Just in case 'nuff hasn't been said--I've had two black ice wipe outs in my life, and neither was pleasant. We spend WEEKS below 20F (thanks to global warming--it used to be MONTHS). In NFJ, you're near enough the ocean to have some temperature moderation. In the upper Midwest, you can forget about that. My last black ice experience was going through an industrial park, where the trucks that are just starting up have a lot of water vapor in their exhausts...which seem always to be on the right. 

I was off the bike for a month and half last year due to nasty road conditions...this year, I'm hoping not to miss a ride until the temperature drops substantially below 0F.


----------



## haroldson5 (Oct 1, 2006)

*Gotta work*



goldsbar said:


> If the road is wet and the temp drops to 20 degrees, just skip riding for a day.


Sometimes you just have to get to and from work. I also picked up the studded cross tires when nashbar had them for cheap. I hope they'll work well. I had a couple of interesting rides last winter. Even riding the MTB with either slicks or knobbies was a bit hairy. Then again, 95% of the time regular road or touring tires are fine.
Now for a silly question:
I have been told studs are very beneficial after cars have driven on snow (the kind of conditons that are slick as can be for slicks OR knobbies), but will studs help on freshly fallen snow on the road?
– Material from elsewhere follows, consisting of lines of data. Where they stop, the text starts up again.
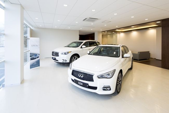 강원도 원주시 관설동에 자리잡은 인피니티 원주 전시장은 지상 2층 규모로 최대 6대 차량 전시가 가능하다. 특히, 프리미엄한 느낌의 인피니티의 글로벌 전시장 스탠다드 ‘아이레디(IREDI, Infiniti Retail Environment Design Initiative)’ 콘셉트를 적용했다.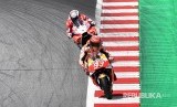 Marc Marquez (Honda Repsol) dan Andrea Dovizioso (Ducati) saling menyusul hingga tikungan lap terakhir pada MotoGP Austria di Sirkuit Spielberg Ring, Austria, Ahad (13/8) malam. (FOTO : Christian Bruna/EPA)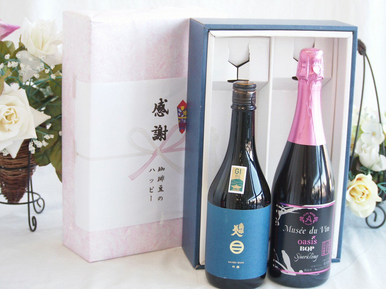 贈り物ギフトセット用として賜らせて頂きます。 熨斗賜ります。(熨斗表書き例:お中元、お歳暮、内祝いなど お名前例:贈り物本舗じざけや) ギフトカードメッセージ賜ります。 南部美人吟醸(なんぶびじん ぎんじょう)は、上品な香りと綺麗な後味が特徴で、精米歩合60%の高品質な米と、折爪馬仙峡の伏流水を使用しています。 丁寧な低温発酵を行い、丹精込めて仕込まれた日本酒で、全国新酒鑑評会でも金賞を受賞しています。また、南部美人は伝統を守りつつも新しい技術や取り組みを積極的に行っており、自社製品を海外にも輸出しています。感謝の贈り物ボックス 上品な香り南部美人と国産ワインセット(MdV オアシス ブラッククイーンピンクロゼスパークリングワイン辛口(長野県)750ml日本酒南部美人吟醸 (岩手県)720ml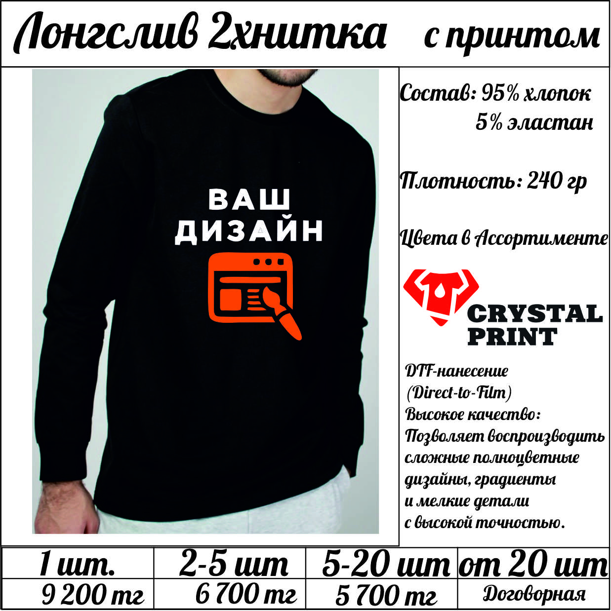 Лонгслив 2хнитка с принтом

Those two scenarios seem to be more of a problem than black ice on my commute.


----------



## KWL (Jan 31, 2005)

Gregory Taylor said:


> The Schwalbes supposedly have hardened studs like the Nokians - mine held up nicely in one season of riding. .


I'll be starting the 4th season on my Schwalbe Snow Stud tires this winter. They barely look worn. Like MB1, I love black ice...it's so nice a smooth. What I hate are the frozen deep tire tracks and footprints on the uncleared Mt Vernon trail. That is tough going even with studded tires.


----------



## Sixty Fiver (Jul 7, 2007)

For about $5.00 I built my own studded tire which I run in the front when things get nasty...


----------



## Sledgehammer03 (Mar 7, 2006)

Sixty Fiver said:


> For about $5.00 I built my own studded tire which I run in the front when things get nasty...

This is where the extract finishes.